__Exercise requirements__
Using the material below, return exactly the lines between the one holding "Произошло это 4" and the one holding "The pruning shears have", inclusive, and no others.

__Records to process__
= = =
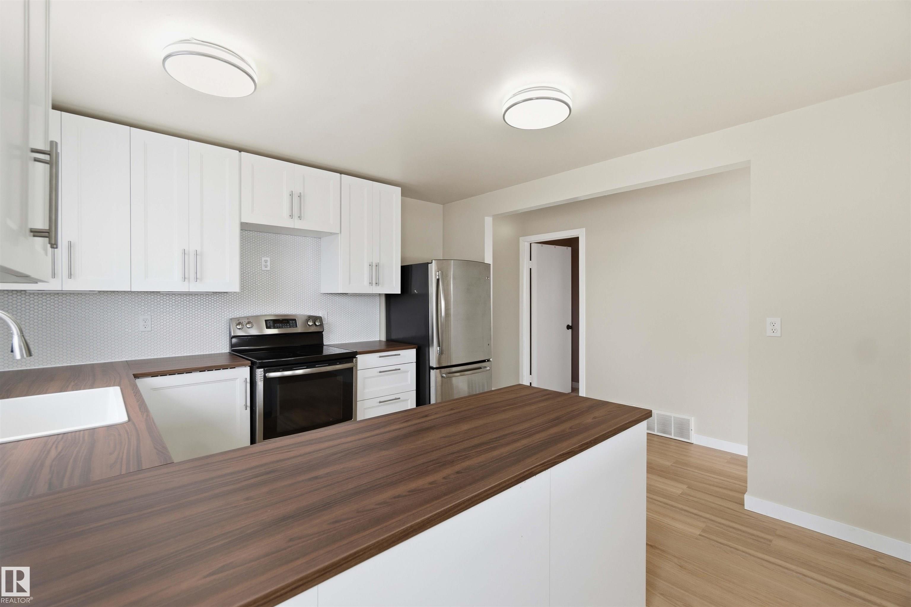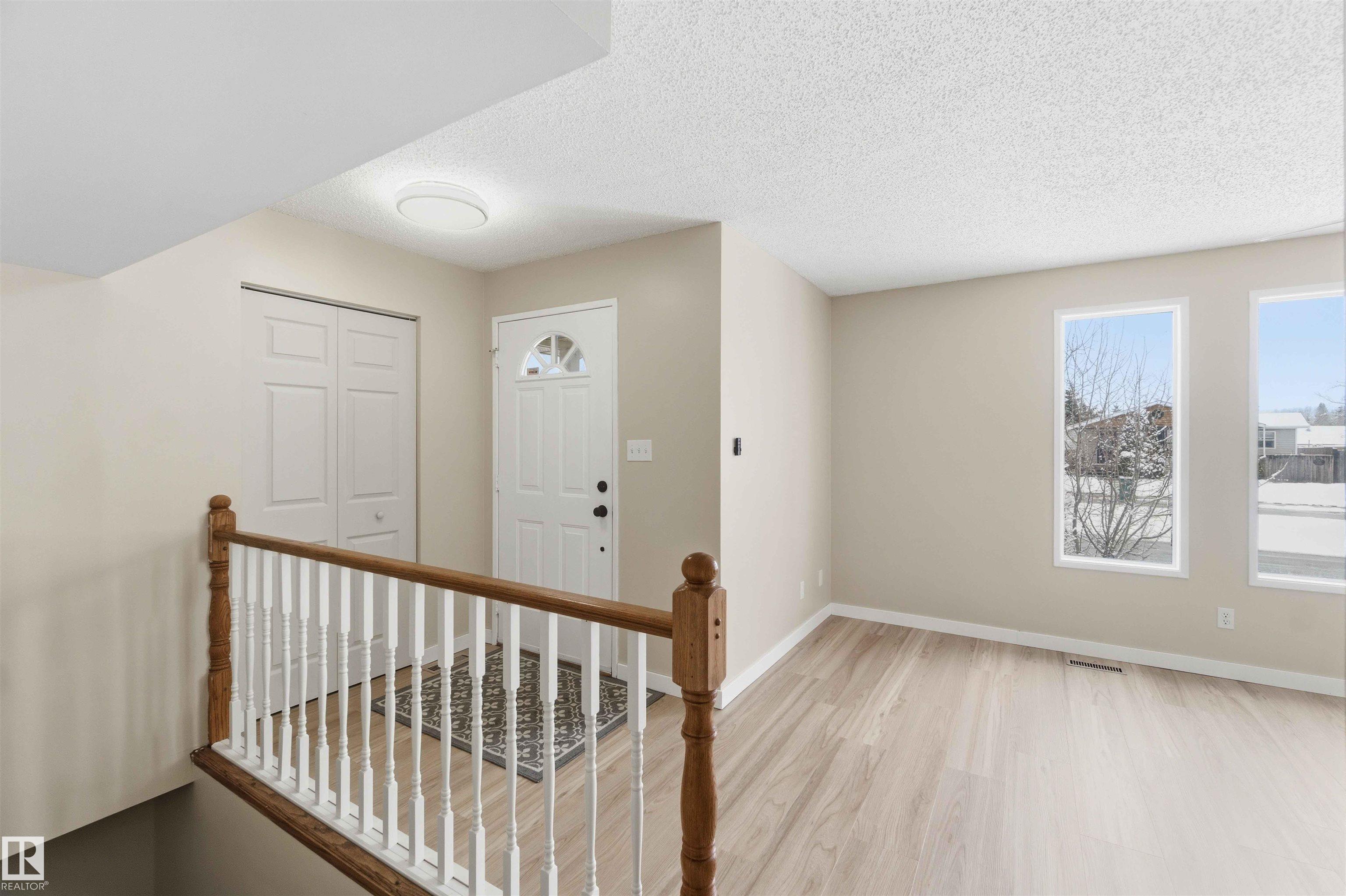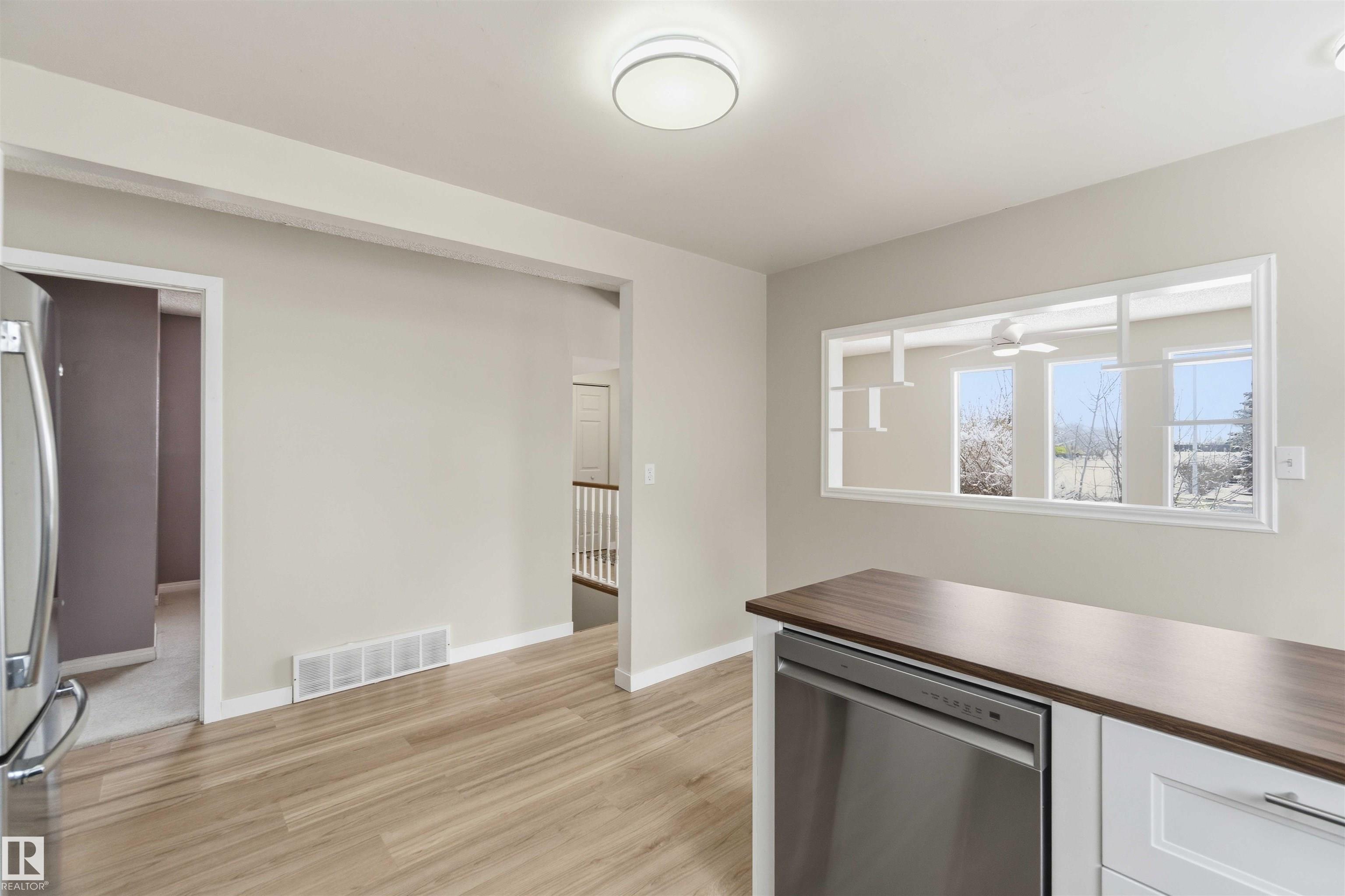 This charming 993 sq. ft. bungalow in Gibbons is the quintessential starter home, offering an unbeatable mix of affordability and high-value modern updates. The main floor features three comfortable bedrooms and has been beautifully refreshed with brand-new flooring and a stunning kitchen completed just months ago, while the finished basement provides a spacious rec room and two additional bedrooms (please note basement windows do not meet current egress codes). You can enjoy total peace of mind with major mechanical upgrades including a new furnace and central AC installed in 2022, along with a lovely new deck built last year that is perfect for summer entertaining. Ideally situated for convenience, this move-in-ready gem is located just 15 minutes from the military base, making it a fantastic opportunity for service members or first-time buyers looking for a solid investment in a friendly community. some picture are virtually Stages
= = =
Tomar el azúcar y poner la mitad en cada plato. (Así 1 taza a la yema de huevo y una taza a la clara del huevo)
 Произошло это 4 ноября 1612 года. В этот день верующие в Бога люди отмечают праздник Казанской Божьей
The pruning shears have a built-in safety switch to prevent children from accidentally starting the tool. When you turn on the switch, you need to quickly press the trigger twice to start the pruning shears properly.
= = =
__Response__
 Произошло это 4 ноября 1612 года. В этот день верующие в Бога люди отмечают праздник Казанской Божьей
The pruning shears have a built-in safety switch to prevent children from accidentally starting the tool. When you turn on the switch, you need to quickly press the trigger twice to start the pruning shears properly.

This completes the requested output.